Vaccine immune simulation through C-ImmSim server. A Indicates the production of antibodies. B The population of B cell. C Cytokines production. D T-cell population

Codon optimization

The reverse translation and codon optimization were identified in Escherichia coli to find expression in the vaccine through the JCat server. The vaccine sequence was comprised of nucleotides, and in sequence, CAI was 0.9541667941400593, and GC content was 70.2523240371846, which indicates expression was high. Main 2 restriction sites XhoI and NdeI were added. The restriction sites and vaccines were cloned with SnapGene software. The clone is represented in Fig. 7.

Fig. 7
figure 7

Cloning of the final vaccine where black showing vector and red showing insert

Molecular dynamic simulation

TLR4 and vaccine complex stability and residual flexibility are determined by RMSD and RMSF (Fig. 8). Complex stable is still 50 ns. In the different regions, residual flexibility fluctuated.

Fig. 8
figure 8

Molecular dynamic simulation showing RMSD and RMSF of the complex

Discussion

Vaccination plays a vital role in immune system activation and also stops the attack of various pathogen-borne infectious disorders. The use of the surface antigenic epitopes is very crucial for designing an effective vaccine. Conventional vaccines designed for the different pathogens are used all over the world and are supposed to be the best way treatment of various disorders [36]. But these vaccines faced more problems in comparison with the in silico approach. The in silico subunit vaccines are nonhazardous, more stable, and are easily engineered compared with an old vaccine. Subunit vaccines are made up of highly immunogenic B cell and T cells which are the derivatives of the proteome of the specific pathogen [37]. For B. pseudomallei, up to date, no multi-epitope subunit vaccine is designed. In this study, immunoinformatics approaches were used for vaccine design against B. pseudomallei. First of all, proteome sequence was retrieved from NCBI.

Physiochemical properties, antigenicity, allergenicity, and secondary structures were predicated. MHC-1 and MHC-2 epitopes were also predicated.

Constructed protein antigenic score was 0.9480 at 0.5 thresholds indicating properties of antigenic vaccine and was nonallergic score at 0.5 default threshold showing nature of the nonallergic vaccine. However, the vaccine molecular weight was 28,465.62KDa. Our vaccine instability score was 23.91 which indicates the vaccine is a stable one. The theoretical pI value was 6.86, and the aliphatic index was 94.06, showing the vaccine was stable thermally. GRAVY score was −0.129, a value representing vaccine is hydrophobic.

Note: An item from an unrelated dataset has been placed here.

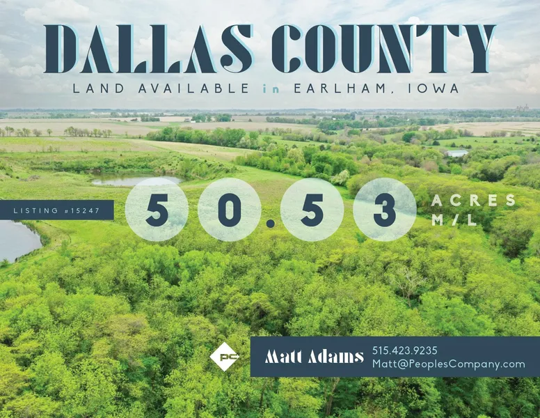 A rare and highly sought after opportunity in Dallas County 50.53 acres m/l located just off pavement and 15 minutes from the Des Moines Metro. The property is located immediately northeast of Earlham, Iowa on 365th Street with easy access to Interstate 80 and Co Hwy F90. Site would work well for an acreage/homesite in the Earlham School District or a weekend getaway. The property offers a private driveway that meanders through a timber to a high spot with great surrounding views. Improvements include electric and rural water services being located at the road. Warren Rural Water District services this area and has a 1 in. water line located on the north side of 365th Street. There are no covenants on this land and the location is outside of the City Limits so the uses shouldnt be as restricted.

Secondary and 3D structures give information about protein function, protein-protein, protein-ligand interaction, and the dynamic of protein.

Vaccine secondary and 3D structures determined showing 43.5% alpha helix, 35.7% beta-strand, and 20.8% coil in the secondary structure were predicted. However, the 3D structure was validated via different tools such as PROCHECK, Galaxy Refine, and Ramachandran plot. All tools indicated our 3D structure vaccine is validated. ClusPro online servers were used to estimate the interaction between TLR-4 and constructed vaccines. Complex dynamics stability was confirmed by MD simulation.

Conclusion

Present scientific research was used to design a stable and safe epitope base vaccine against B. pseudomallei through an immunoinformatics approach. The study starts with retrieving B. pseudomallei proteome from NCBI. By using immunoinformatics tools, suitable proteins were selected for effective vaccine design. Epitopes of B cell and T cell were predicated by an online server. By using linkers and adjuvant, CTL and HTL joined for vaccine construction. Physiochemical properties, allergenicity, and antigenicity were predicated and got the stable and safe vaccine. Docking was performed to find out the interaction between TLR-4 and humans. Against infection, the present scientific study was designed to make a safe, highly immunogenic, and stable vaccine by using the most reliable immunoinformatics techniques. We recommend the movement of the constructed vaccine to the biological validation phase using appropriate model organisms to validate our findings.